» **What is needed**:
Extract word for word the lines of the listing from its start to the line holding "All of our rugs", both ends kept; pictures are not part of the copy.

» **Provided data**:
========================================

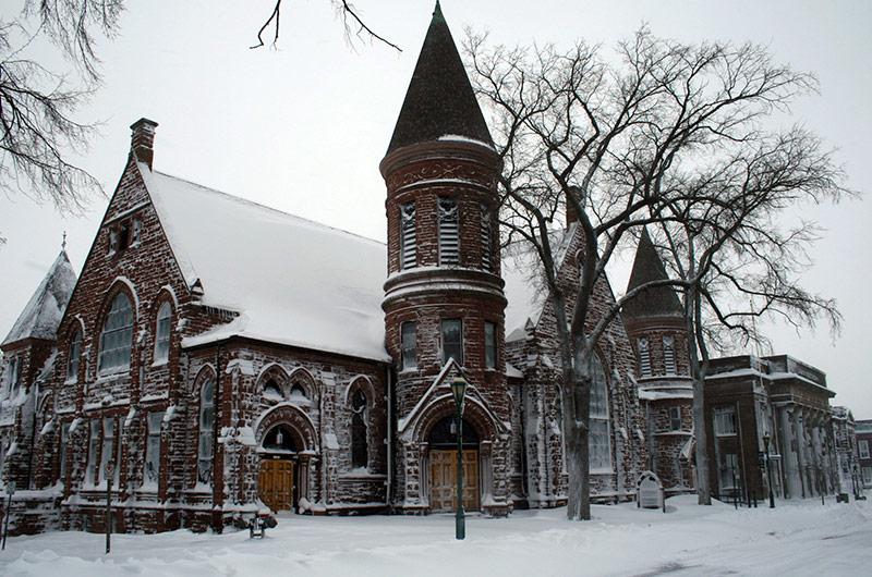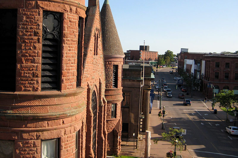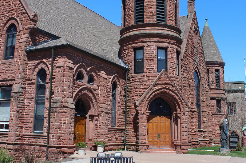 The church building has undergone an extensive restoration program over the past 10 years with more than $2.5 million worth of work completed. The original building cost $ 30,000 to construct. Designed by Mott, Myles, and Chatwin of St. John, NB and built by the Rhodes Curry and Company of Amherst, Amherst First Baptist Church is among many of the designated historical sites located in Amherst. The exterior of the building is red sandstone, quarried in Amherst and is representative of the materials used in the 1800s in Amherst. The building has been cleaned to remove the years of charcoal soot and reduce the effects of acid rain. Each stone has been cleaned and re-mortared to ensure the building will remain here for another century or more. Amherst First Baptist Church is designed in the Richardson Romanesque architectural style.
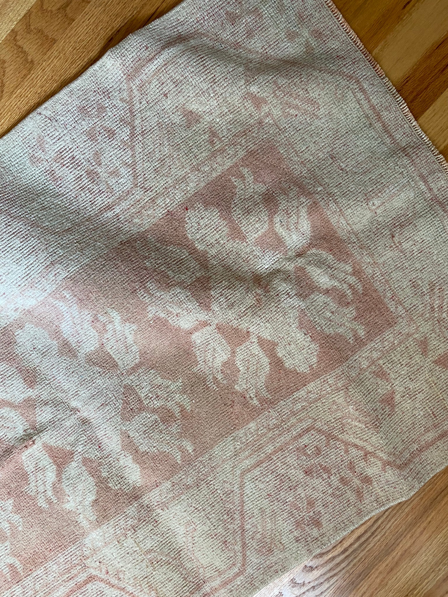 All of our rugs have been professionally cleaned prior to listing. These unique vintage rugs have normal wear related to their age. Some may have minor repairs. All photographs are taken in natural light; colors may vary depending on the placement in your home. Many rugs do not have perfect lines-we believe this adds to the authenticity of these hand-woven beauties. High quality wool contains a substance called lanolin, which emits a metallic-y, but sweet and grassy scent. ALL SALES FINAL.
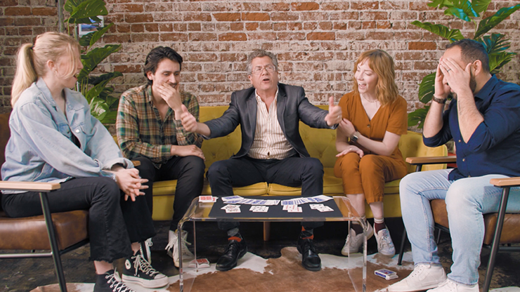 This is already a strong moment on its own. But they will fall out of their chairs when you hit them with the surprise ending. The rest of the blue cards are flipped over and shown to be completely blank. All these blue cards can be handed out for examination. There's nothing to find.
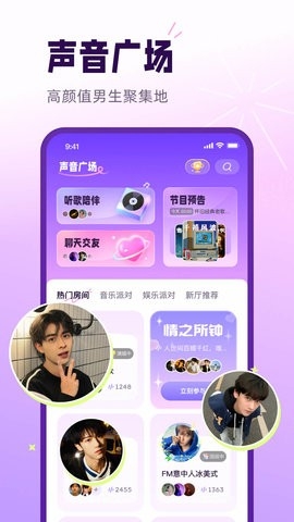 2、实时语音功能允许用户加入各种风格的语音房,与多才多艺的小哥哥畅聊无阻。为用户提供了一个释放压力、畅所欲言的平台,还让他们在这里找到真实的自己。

========================================

» **Written solution**:
 The church building has undergone an extensive restoration program over the past 10 years with more than $2.5 million worth of work completed. The original building cost $ 30,000 to construct. Designed by Mott, Myles, and Chatwin of St. John, NB and built by the Rhodes Curry and Company of Amherst, Amherst First Baptist Church is among many of the designated historical sites located in Amherst. The exterior of the building is red sandstone, quarried in Amherst and is representative of the materials used in the 1800s in Amherst. The building has been cleaned to remove the years of charcoal soot and reduce the effects of acid rain. Each stone has been cleaned and re-mortared to ensure the building will remain here for another century or more. Amherst First Baptist Church is designed in the Richardson Romanesque architectural style.
 All of our rugs have been professionally cleaned prior to listing. These unique vintage rugs have normal wear related to their age. Some may have minor repairs. All photographs are taken in natural light; colors may vary depending on the placement in your home. Many rugs do not have perfect lines-we believe this adds to the authenticity of these hand-woven beauties. High quality wool contains a substance called lanolin, which emits a metallic-y, but sweet and grassy scent. ALL SALES FINAL.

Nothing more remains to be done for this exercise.